Replacing Metal Bushings with J.S. Delrin Bushings
By Curt Altarac
There are several types of fastening methods for holding flute pads in their cups. If the flute is a closed hole instrument the pads may be secured in place with a metal washer and small screw, a plastic spud that fits over the inner collar, a threaded post and washer, or in the case of an open hole flute, a friction fit circular bushing that fits inside the chimney of the pad cup. This article will concentrate on the workings of the open hole flute pad bushing and the improved design of the J.S. Delrin bushing.
Delrin is a plastic that has many of the same characteristics of materials such as brass, aluminum, zinc, and stainless steel. Its properties include stiffness with a higher degree of flexibility then most metals, an ability to maintain a prescribed dimension, impact resistance and structural strength. These properties make Delrin the ideal material for machining bushings that must be strong but still have a certain amount of flex to seal around the edges of the pad cup chimney. The purpose of a friction fit bushing is to secure an open hole flute pad in its pad cup while creating an air tight seal around the edges of the pad cup chimney. Traditional metal bushings have certain disadvantages that cause leaks, damage pads and, at the very least, make padding a flute more difficult. A metal bushing does not give and can be bent even when extreme care is taken when removing it. A bent bushing may damage the pad, the pad cup chimney or cause leaks. J.S. Delrin bushings slide on and off the inner wall of the pad cup chimney more easily, forming an air-tight seal yet allowing removal without damaging the pad, the chimney or the bushing.

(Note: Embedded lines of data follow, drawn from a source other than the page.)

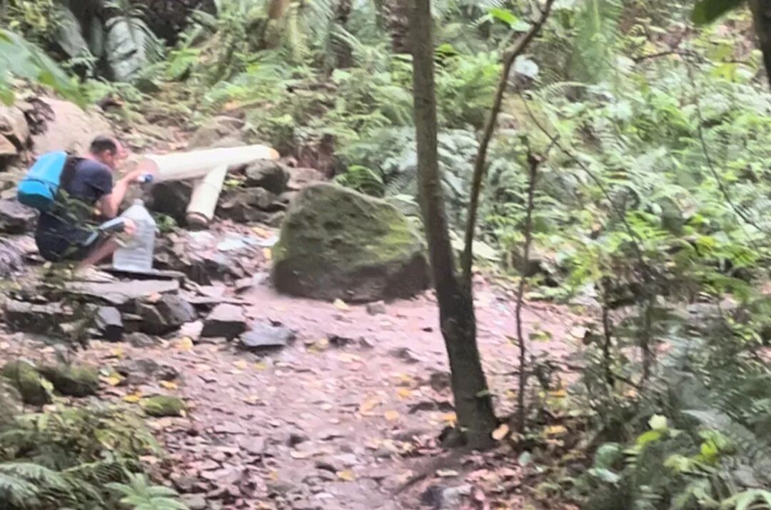 上周六,在帽峰山和富路西侧的一处山坡顶上,树木葱郁,不少市民选择在这里休憩或草坪野餐,享受午后闲暇时光。在山坡上一个僻静的角落,记者发现有人用卡式炉生火做饭。
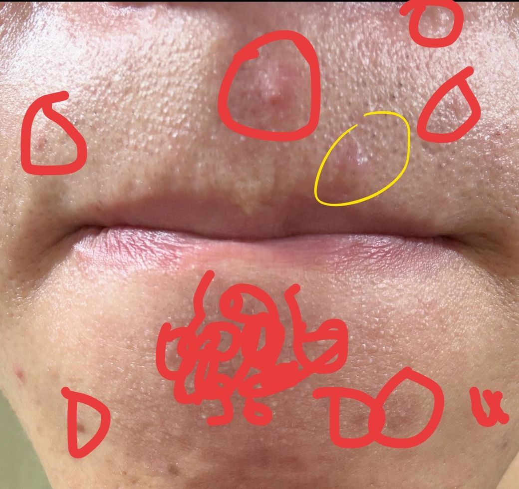 입술에 난 수포인지 여드름인지 봐주세요 계속 뭔가 흔적처럼 있다가 저렇게 모낭염인지 수포인지 여드름 처럼 부웠는데 친구들 말로는 여드름 같다는데 ㅠㅠ 잘 모르겠어서 여쭤봐요
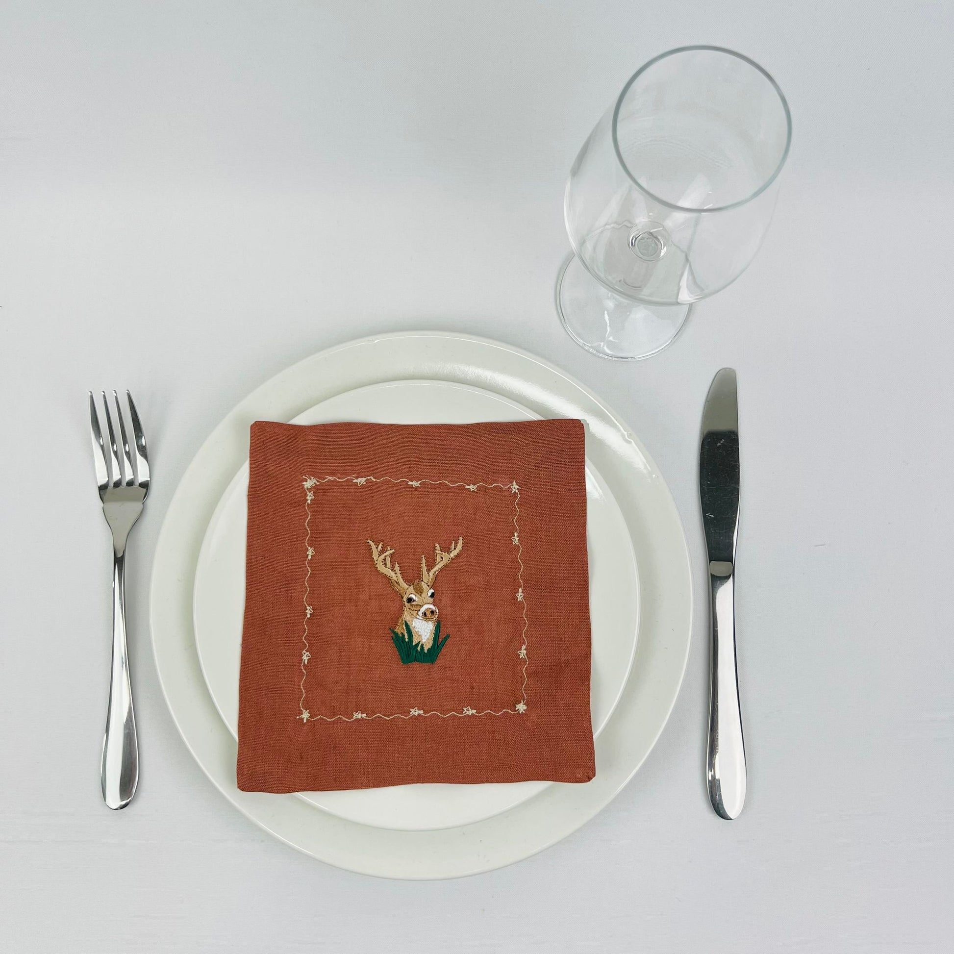 Guardanapo Cocktail em linho, 15x15cm, c/ bordado natalício acabamento ponto estrela.
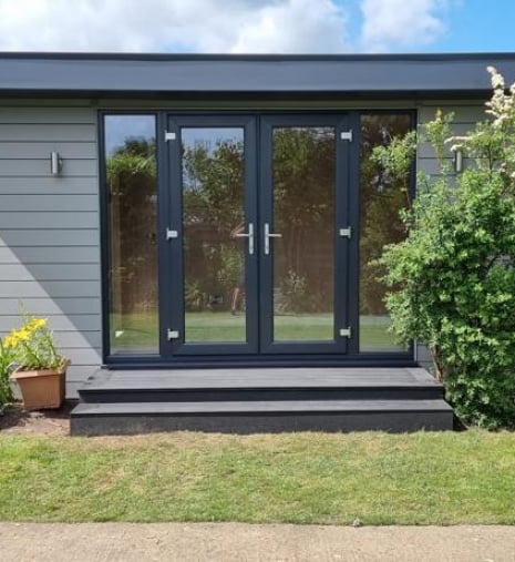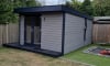 Our rendered garden lodge designs feature the finest quality acrylic cement render which has a textured finish for a contemporary look. Coupled with the anthracite facia, wall and base profiles and traditional apex roof, the rendered design blends effortlessly into any garden design.

Installation of a J.S. Delrin bushing is the same as a conventional bushing: First remove the key from the instrument. Then pry out the old bushing using a thin metal slick that has an even, flat surface containing no burs. If you see that your slick has a sharp edge or bur left over from the manufacturing process remove it with a file and sandpaper. Place the slick between the top portion of the bushing and the pad skin. Using a gentle prying motion carefully pry around the circumference of the bushing, utilizing the pad cup's edge as a fulcrum for your slick. To fit the J.S. Delrin bushing measure the flute pad cup chimney and use a Delrin bushing that is .1mm (.004") smaller than the outside diameter of the pad cup chimney. This will allow the Delrin Bushing to seal completely around the inside diameter of the cup chimney. With the back of the pad cup on a flat surface carefully press the Delrin Bushing into place with your fingers. Iron the pad as necessary and reinstall the key on the instrument.
When overhauling an open holed Flute, consider changing all of the Bushings to J.S. Delrin Bushings. J.S. Delrin Flute bushings are simple to use and less likely to damage the instrument or the pads. Because they seal better than metal bushings the J.S. Bushing will improve the tone and projection on any open holed flute.